● **What you have to do**: Using the data below, output a verbatim copy of the lines between the one holding "Create an artistic" and the one holding "Buiten is er", inclusive, without any pictures.

● **Data in this exercise**:
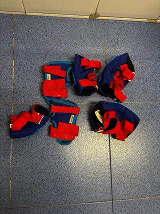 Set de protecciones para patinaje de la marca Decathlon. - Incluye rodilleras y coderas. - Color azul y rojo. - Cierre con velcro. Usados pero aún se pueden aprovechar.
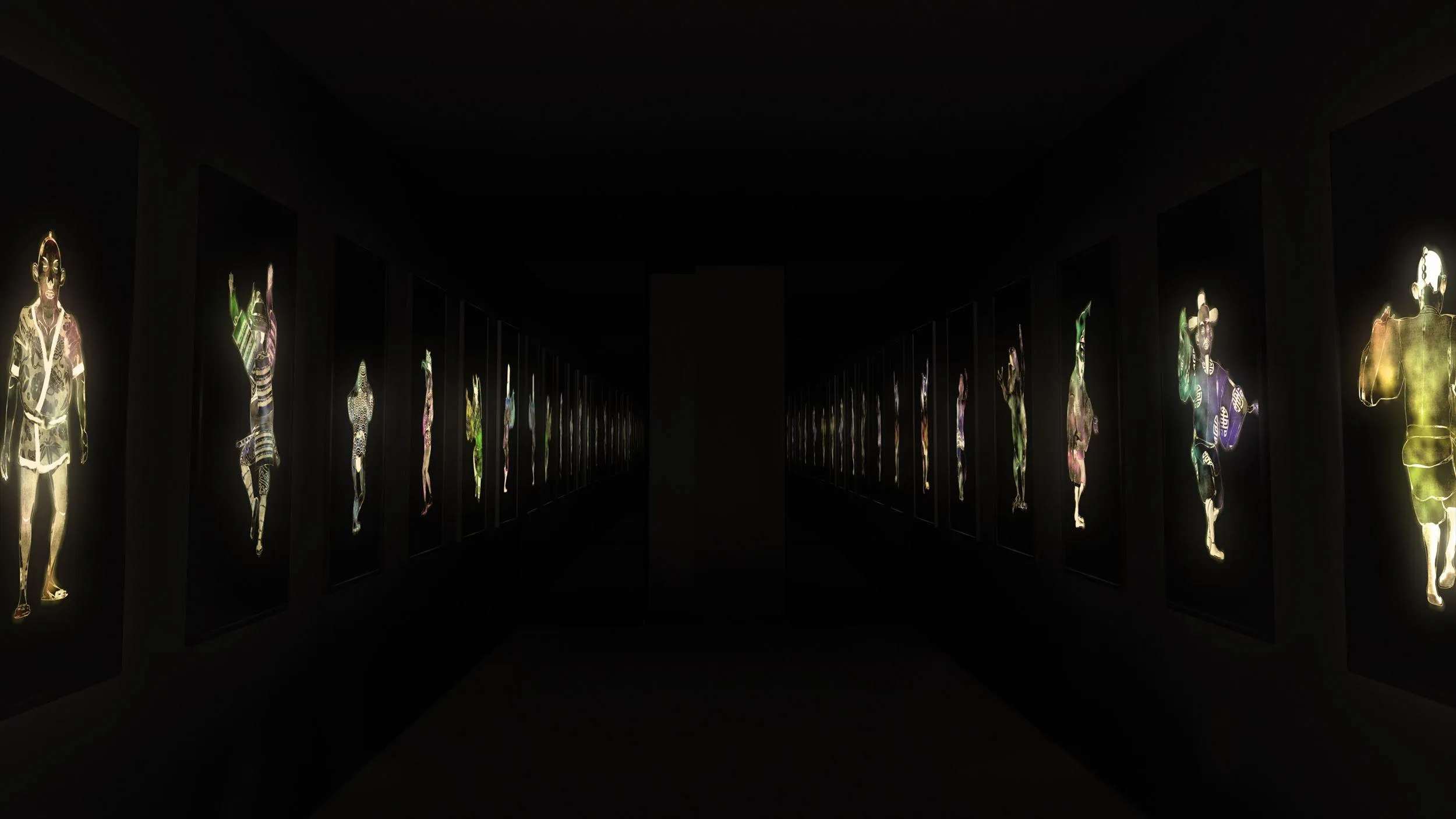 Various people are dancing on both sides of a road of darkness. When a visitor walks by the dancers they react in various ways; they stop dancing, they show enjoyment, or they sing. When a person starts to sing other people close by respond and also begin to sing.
* * *
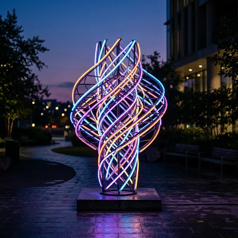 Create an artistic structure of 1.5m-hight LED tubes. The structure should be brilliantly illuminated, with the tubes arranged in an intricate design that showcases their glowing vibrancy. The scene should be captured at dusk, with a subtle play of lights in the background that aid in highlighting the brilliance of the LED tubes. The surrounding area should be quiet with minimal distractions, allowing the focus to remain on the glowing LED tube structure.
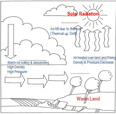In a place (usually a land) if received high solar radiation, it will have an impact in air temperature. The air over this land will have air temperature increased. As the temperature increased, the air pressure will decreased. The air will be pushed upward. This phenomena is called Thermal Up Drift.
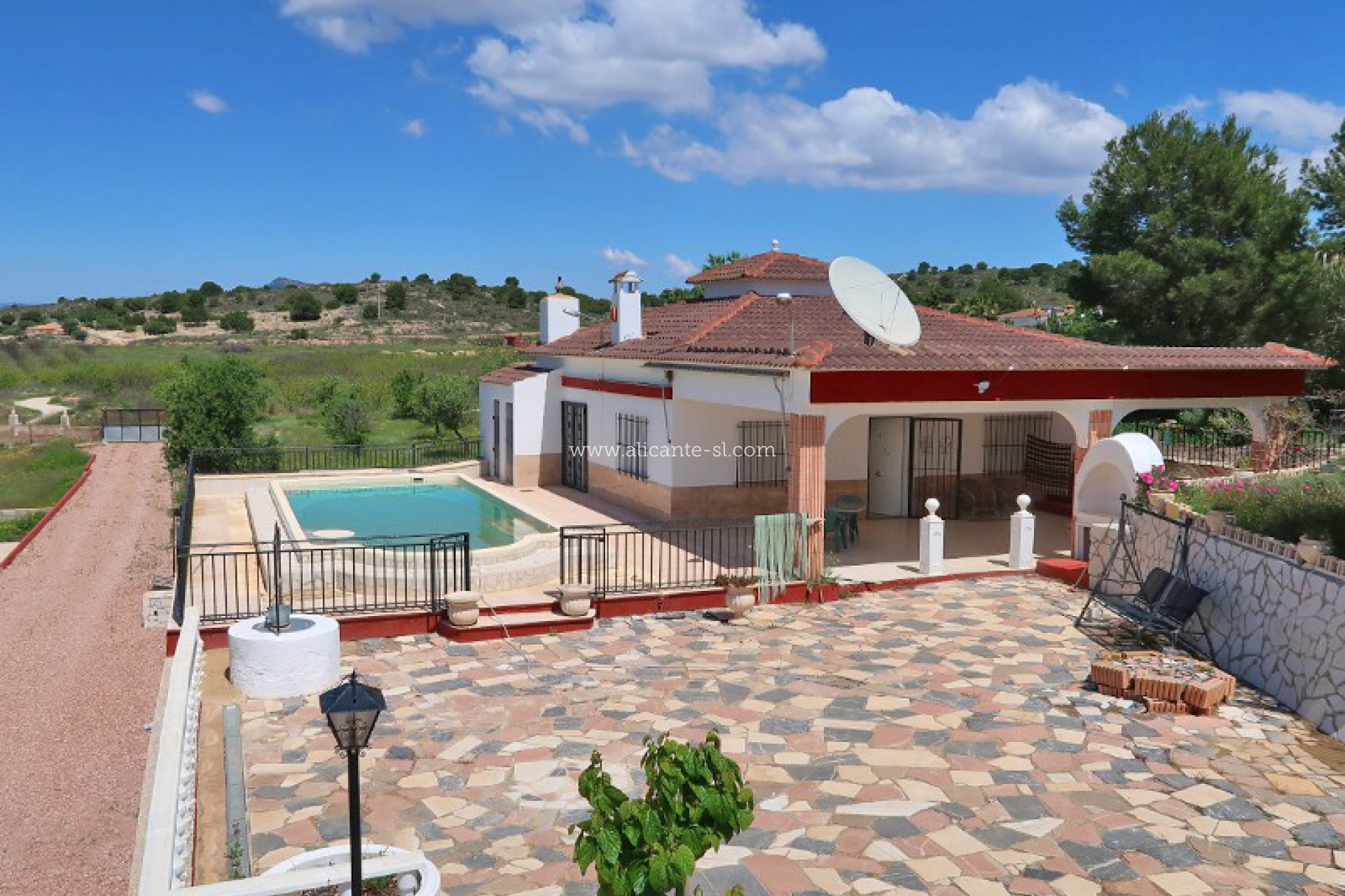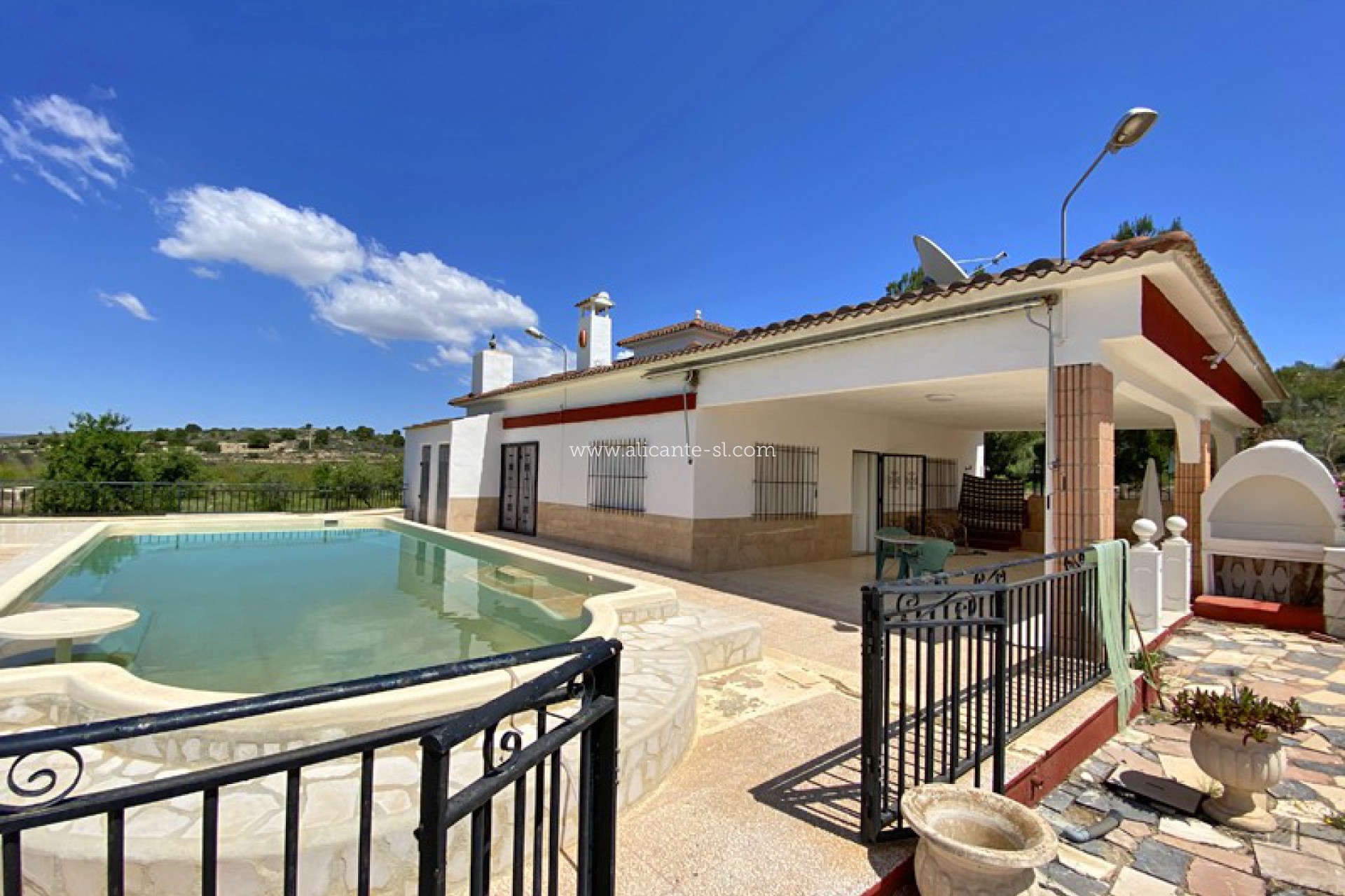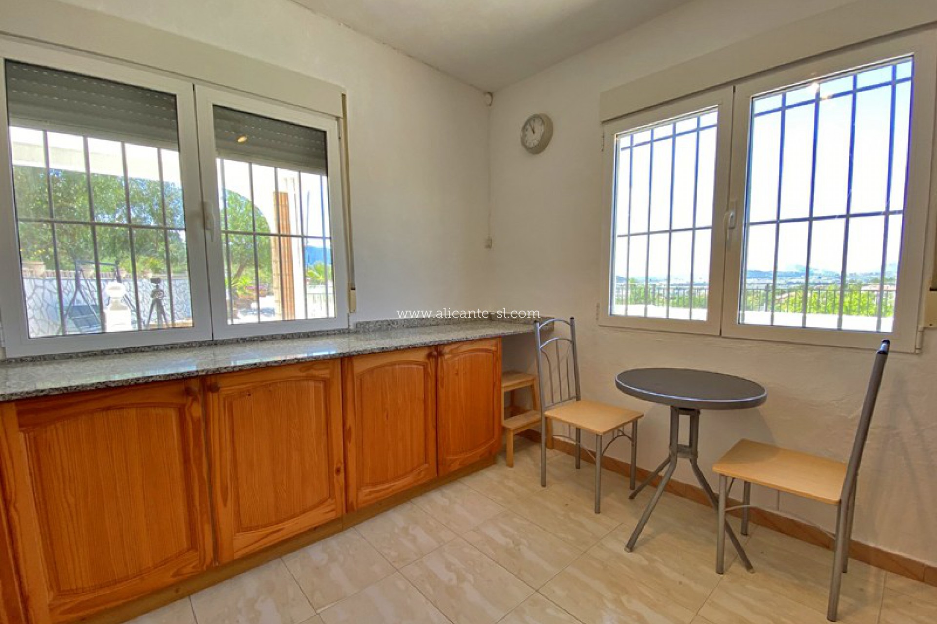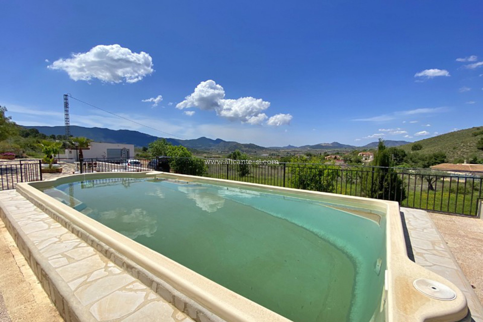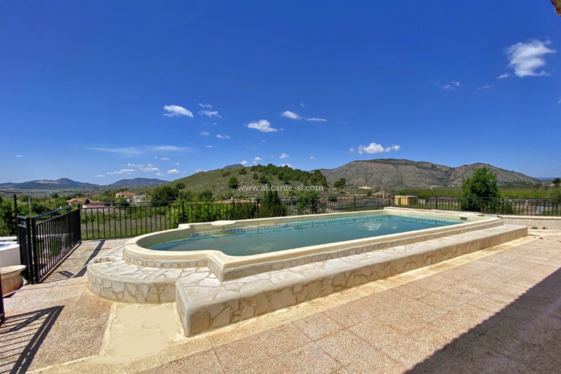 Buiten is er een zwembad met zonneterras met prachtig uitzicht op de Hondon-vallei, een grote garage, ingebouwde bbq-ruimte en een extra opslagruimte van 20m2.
* * *
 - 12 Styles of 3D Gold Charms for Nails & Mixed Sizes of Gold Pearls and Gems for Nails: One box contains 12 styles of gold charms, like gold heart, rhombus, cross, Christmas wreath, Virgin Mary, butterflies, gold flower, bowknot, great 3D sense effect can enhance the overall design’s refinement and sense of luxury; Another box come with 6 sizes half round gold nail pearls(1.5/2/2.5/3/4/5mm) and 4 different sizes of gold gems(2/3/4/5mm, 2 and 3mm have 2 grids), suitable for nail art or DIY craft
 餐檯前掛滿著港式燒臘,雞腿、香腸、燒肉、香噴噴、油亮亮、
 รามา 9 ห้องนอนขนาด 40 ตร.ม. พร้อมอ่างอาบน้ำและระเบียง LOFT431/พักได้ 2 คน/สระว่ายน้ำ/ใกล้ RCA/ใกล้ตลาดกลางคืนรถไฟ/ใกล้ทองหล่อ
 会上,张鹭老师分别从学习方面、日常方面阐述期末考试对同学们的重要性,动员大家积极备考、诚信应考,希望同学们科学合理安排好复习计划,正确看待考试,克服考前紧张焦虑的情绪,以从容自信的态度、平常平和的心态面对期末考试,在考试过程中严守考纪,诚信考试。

● **Answer to the exercise**:
 Create an artistic structure of 1.5m-hight LED tubes. The structure should be brilliantly illuminated, with the tubes arranged in an intricate design that showcases their glowing vibrancy. The scene should be captured at dusk, with a subtle play of lights in the background that aid in highlighting the brilliance of the LED tubes. The surrounding area should be quiet with minimal distractions, allowing the focus to remain on the glowing LED tube structure.
In a place (usually a land) if received high solar radiation, it will have an impact in air temperature. The air over this land will have air temperature increased. As the temperature increased, the air pressure will decreased. The air will be pushed upward. This phenomena is called Thermal Up Drift.
 Buiten is er een zwembad met zonneterras met prachtig uitzicht op de Hondon-vallei, een grote garage, ingebouwde bbq-ruimte en een extra opslagruimte van 20m2.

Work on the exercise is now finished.